### Your objective
Your answer should be the full data, transcribed exactly, with no pictures in it.

Records contained in a dataset
####################

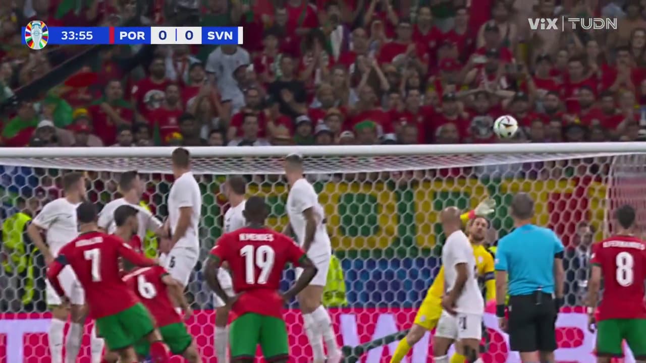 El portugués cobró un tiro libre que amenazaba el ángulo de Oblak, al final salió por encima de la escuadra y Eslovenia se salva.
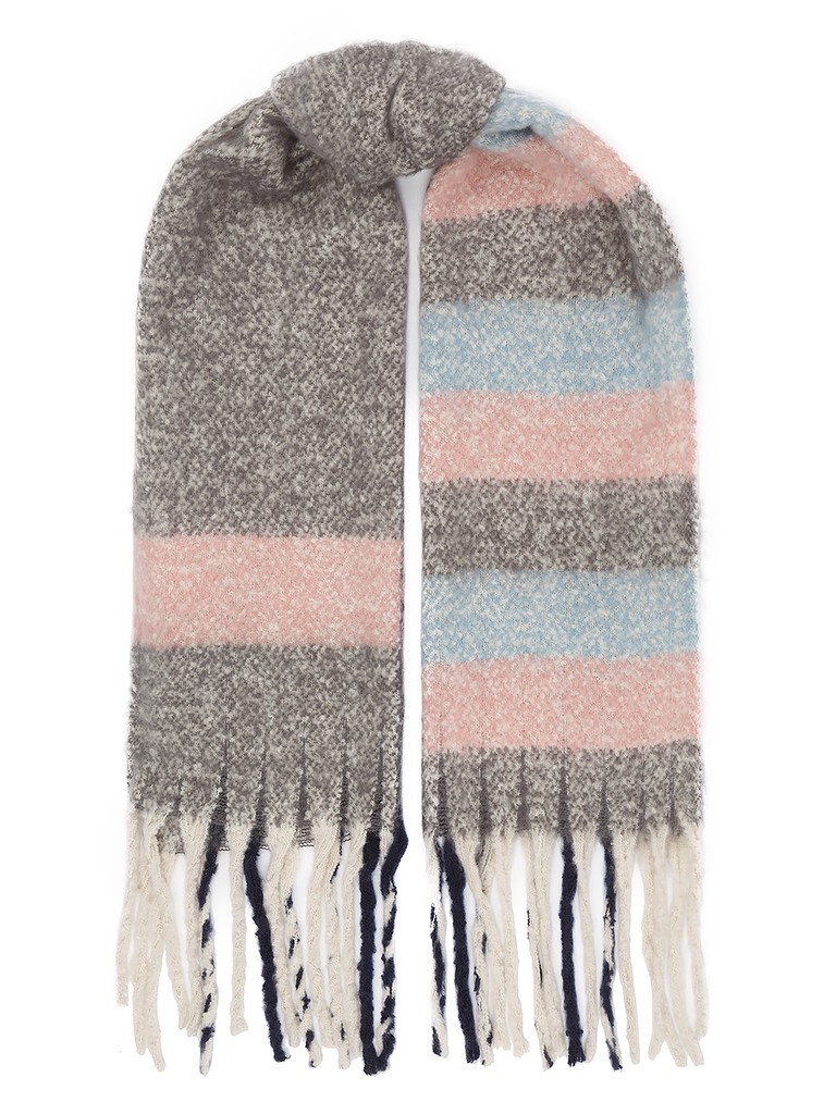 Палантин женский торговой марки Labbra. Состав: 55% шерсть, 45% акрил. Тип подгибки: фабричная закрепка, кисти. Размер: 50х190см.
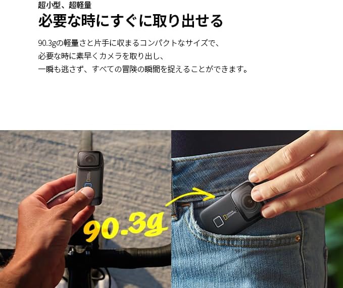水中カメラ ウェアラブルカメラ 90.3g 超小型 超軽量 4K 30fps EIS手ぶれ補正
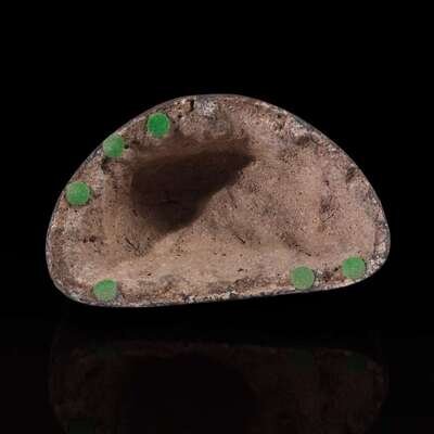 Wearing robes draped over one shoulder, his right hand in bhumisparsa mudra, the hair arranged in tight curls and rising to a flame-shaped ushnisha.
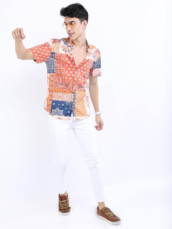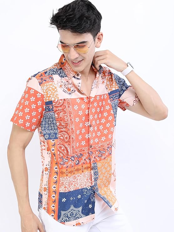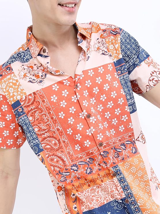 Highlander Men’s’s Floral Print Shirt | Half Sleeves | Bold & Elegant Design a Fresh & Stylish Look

####################

### Output
 El portugués cobró un tiro libre que amenazaba el ángulo de Oblak, al final salió por encima de la escuadra y Eslovenia se salva.
 Палантин женский торговой марки Labbra. Состав: 55% шерсть, 45% акрил. Тип подгибки: фабричная закрепка, кисти. Размер: 50х190см.
水中カメラ ウェアラブルカメラ 90.3g 超小型 超軽量 4K 30fps EIS手ぶれ補正
 Wearing robes draped over one shoulder, his right hand in bhumisparsa mudra, the hair arranged in tight curls and rising to a flame-shaped ushnisha.
 Highlander Men’s’s Floral Print Shirt | Half Sleeves | Bold & Elegant Design a Fresh & Stylish Look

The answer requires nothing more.